Yes, but each cluster is analyzed as a whole. Each fragment in the library gives rise to one cluster and although this cluster contains thousands of copies of the fragment it will give rise to only one read in the FASTQ file. So this is not an issue since these thousands of copies will not distort the counts.
The issue is when there are many copies of the same fragment in the library. Copies that are generated by steps in the library prep or by the sequencing itself (so copies that do not have a biological origin). Each copy will give rise to a read in the FASTQ file so the file will contain duplicates that distort the counts.
Unless you use UMIs you have no way to distinguish biological from technical duplicates in RNASeq data.

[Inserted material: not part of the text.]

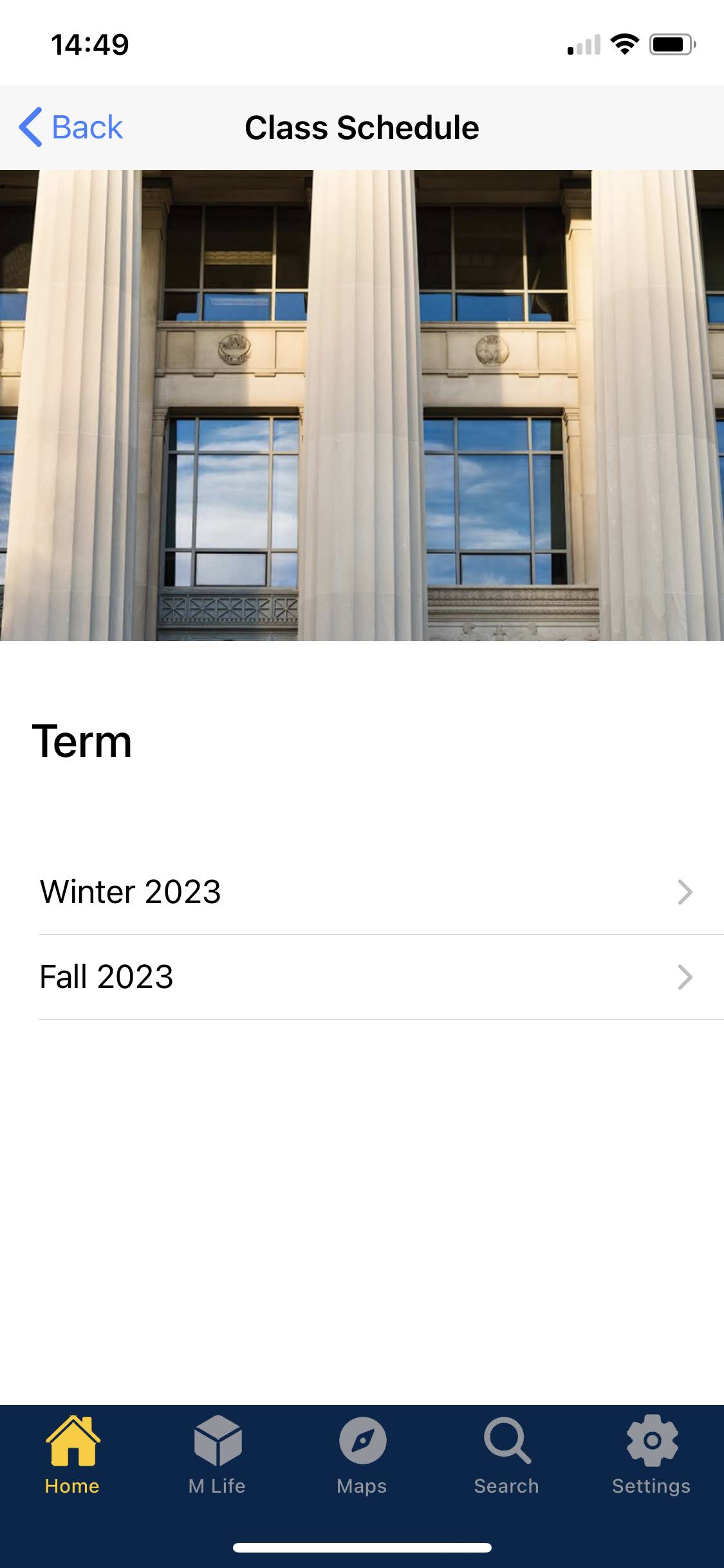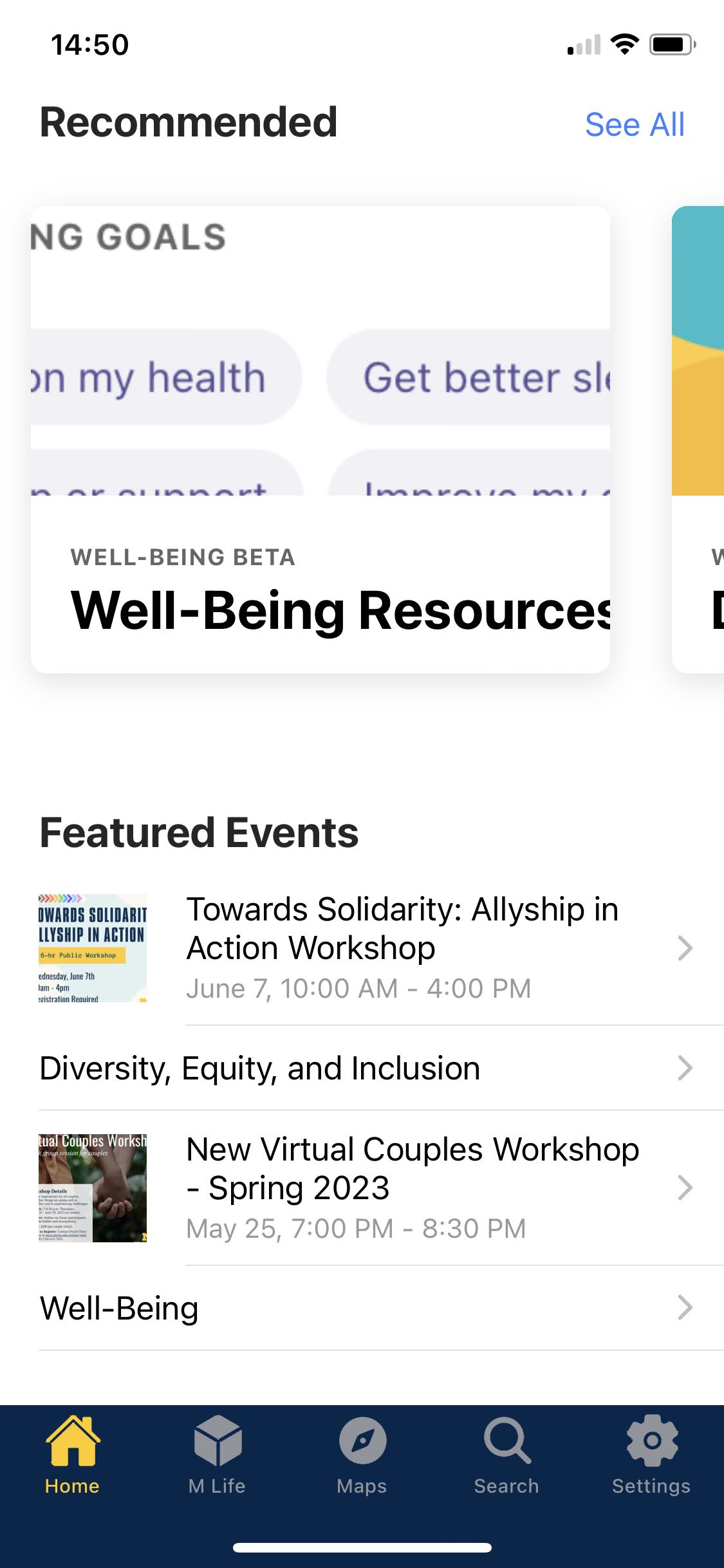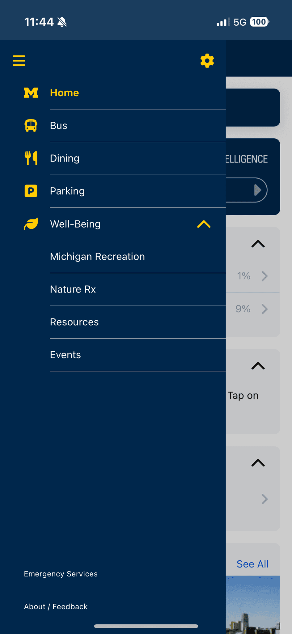 Previous campus resources pages of the Michigan App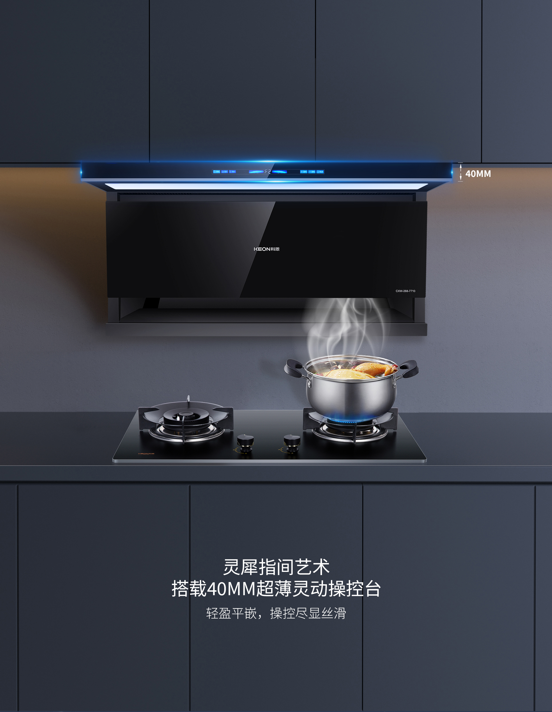 科恩7710智能聯(lián)動(dòng)煙機(jī),它所代表的不僅僅是技術(shù)層面的高度突破,更是對美好廚房體驗(yàn)矢志不渝的追求。其獨(dú)特的設(shè)計(jì)靈感,仿若來自浩瀚銀河星際。那深邃藍(lán)光跨弧意境的觸摸屏設(shè)計(jì),為烹飪增添了無限想象空間,讓每一次操作都如同在星際間穿梭,充滿了科技與藝術(shù)的交融之美。

It is expected that the biological duplicates outnumber the technical duplicates. So to be safe all duplicates are kept based on the underlying assumption that most of them are biological because typically, you don’t have to do a lot of PCR during RNASeq library prep.
If you want to make the distinction, you can add an extra barcode in the adapters that is unique for each transcript: the UMI. You ligate the adapters very early in the library prep so that each transcript has a unique UMI. If a transcript is then copied during the library prep there will be two copies in the library with the same UMI. In this way the UMIs will allow to identify technical duplicates. UMIs were originally used for single cell RNASeq but more and more people are also using them for bulk RNASeq.
Without the use of UMIs you cannot distinguish technical from biological duplicates in RNASeq data.